The PatchMatch algorithm can be divided into two main parts, including depth estimation and depth fusion. The depth estimation relies on the cost function based on photometric consistency, which is computed as normalized cross correlation (NCC) of corresponding patches between multiple views. Further, the NCC is expressed as the similarity of luminosity (pixel values or grayscale values) between different images’ patches. The PatchMatch algorithm achieves adequately reliable results in strongly textured regions as well as in Lambert surfaces. However, it is mainly faced with the following challenges:

(1): Depending on the photometric consistency, traditional depth estimation [6,7] exhibits the fuzzy matching problem in weakly textured regions. The fuzzy matching problem is that even the erroneous plane hypothesis allows patches to match highly similar regions between multiple views. This makes depth estimation insufficiently reliable in weakly textured regions.
(2): During depth estimation, some views are invisible and cannot accurately reflect a reliable matching relationship due to occlusion and illumination. The matching cost calculated via invisible view would be an outlier in the multiview matching cost, which affects the accuracy of depth estimation.

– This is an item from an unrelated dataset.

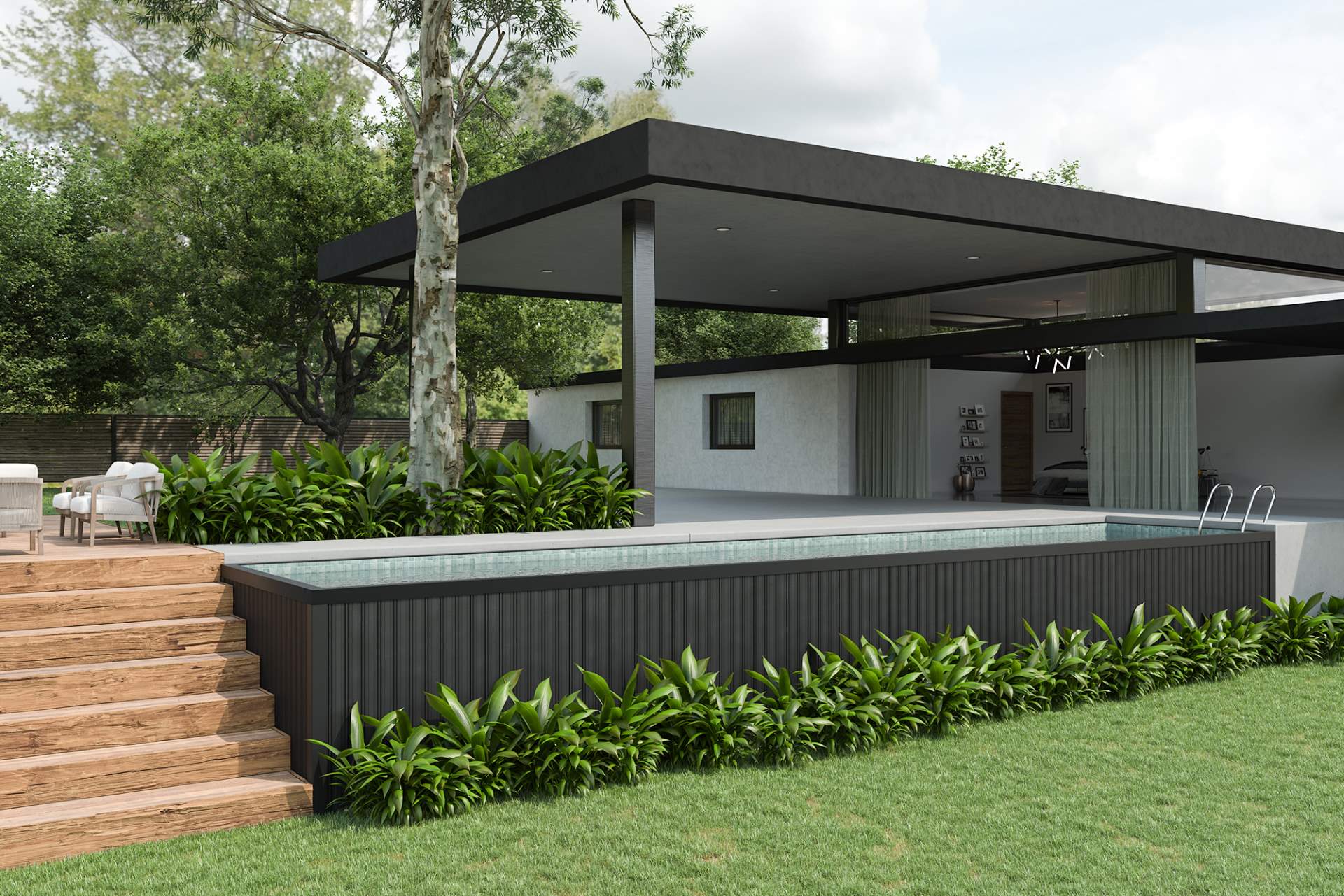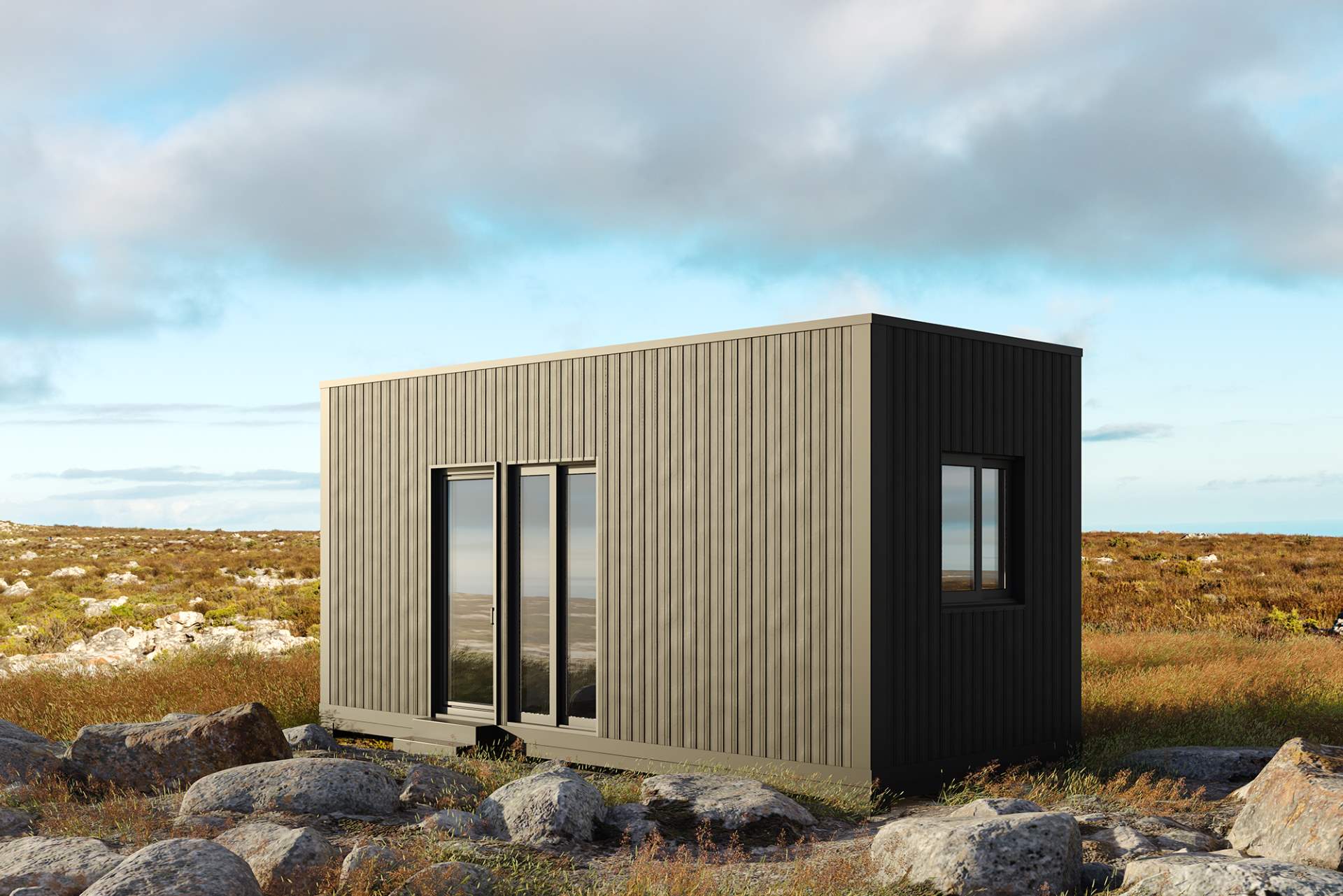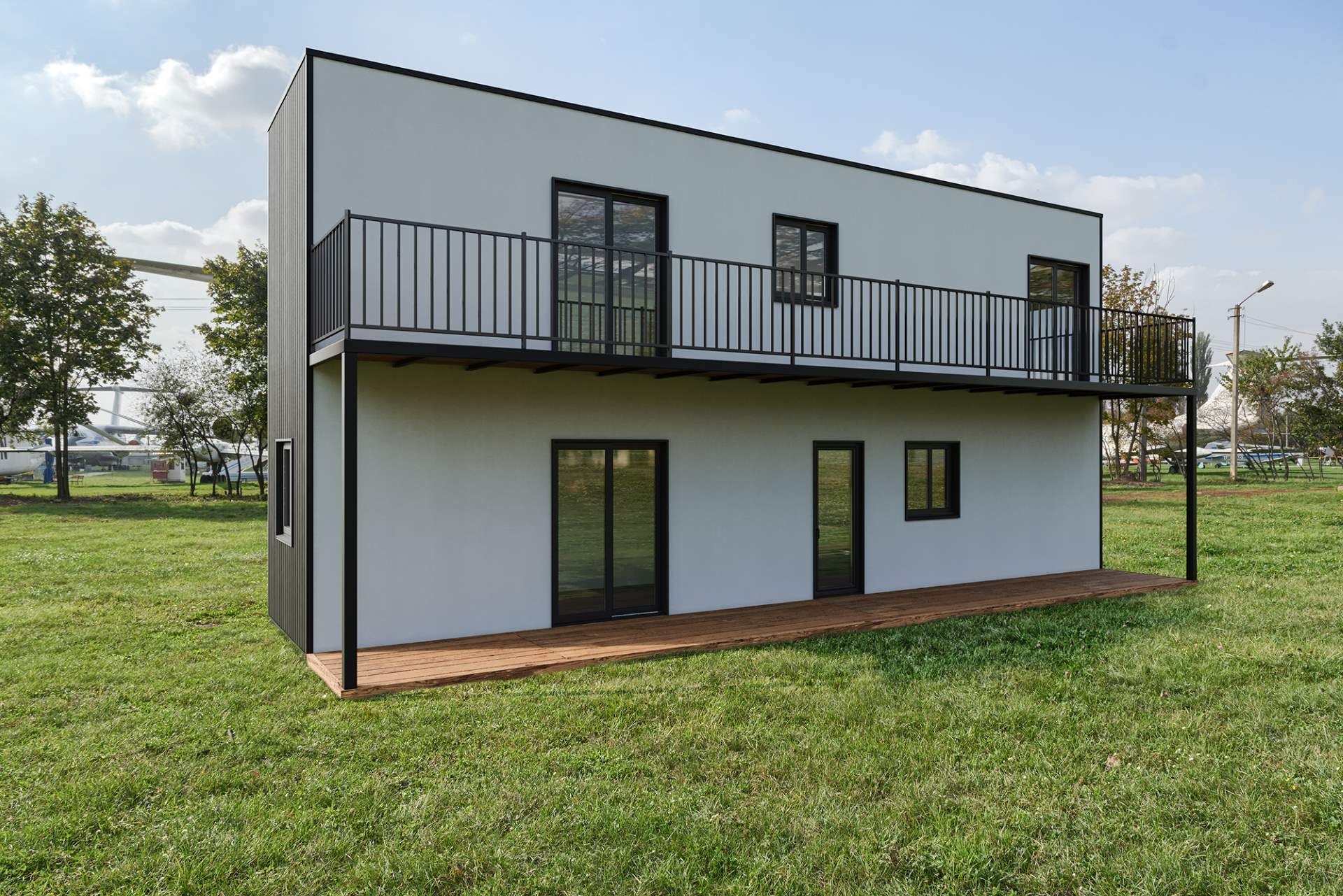 Modelo com todas as características do modelo Basic, incluindo paredes interiores, janelas de tamanho personalizável, casas de banho completas e piso (louças e piso de gama média), instalação elétrica e canalização.

In response to the above problems, some state-of-the-art methods [8,9,10,11] have been proposed. For outliers caused by invisible views in the multiview matching cost, a good idea is to determine the importance of each neighboring view, thereby altering the influence of each view in the multiview matching cost. Refs. [12,13,14,15] explored the contribution of neighborhood views to the multiview matching cost to achieve a highly accurate MVS. Ref. [15] designs a view weight to adjust the contribution of neighboring views in the multiview matching cost. It jointly estimates view selection and depth-normal information via a probabilistic graphical model. By using a generalized expectation maximization algorithm, each view would be assigned a view weight. The weighted multiview matching cost function effectively achieves highly accurate depth estimation. However, the view weights never change the essence of the fuzzy matching problem of photometric consistency. It makes [15] suffer from a significant inadequacy in terms of the completeness of the reconstruction, especially in weakly textured regions.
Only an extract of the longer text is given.